• Work task: Once you find the line with "SAI ANGAN Unit-2" in the data that follows, repeat it and every line after it exactly, through the line with "data¸¦ windows¿ëÀ¸·Î up-gradeÇÕ´Ï´Ù.".

• Input for this task:
========================================

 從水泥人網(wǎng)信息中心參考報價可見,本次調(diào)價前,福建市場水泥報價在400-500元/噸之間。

========================================

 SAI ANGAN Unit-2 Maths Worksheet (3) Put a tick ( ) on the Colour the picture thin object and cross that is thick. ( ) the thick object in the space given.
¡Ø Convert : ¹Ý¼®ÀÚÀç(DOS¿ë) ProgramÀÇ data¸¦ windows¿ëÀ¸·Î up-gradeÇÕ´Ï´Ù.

========================================

• Response:
 SAI ANGAN Unit-2 Maths Worksheet (3) Put a tick ( ) on the Colour the picture thin object and cross that is thick. ( ) the thick object in the space given.
¡Ø Convert : ¹Ý¼®ÀÚÀç(DOS¿ë) ProgramÀÇ data¸¦ windows¿ëÀ¸·Î up-gradeÇÕ´Ï´Ù.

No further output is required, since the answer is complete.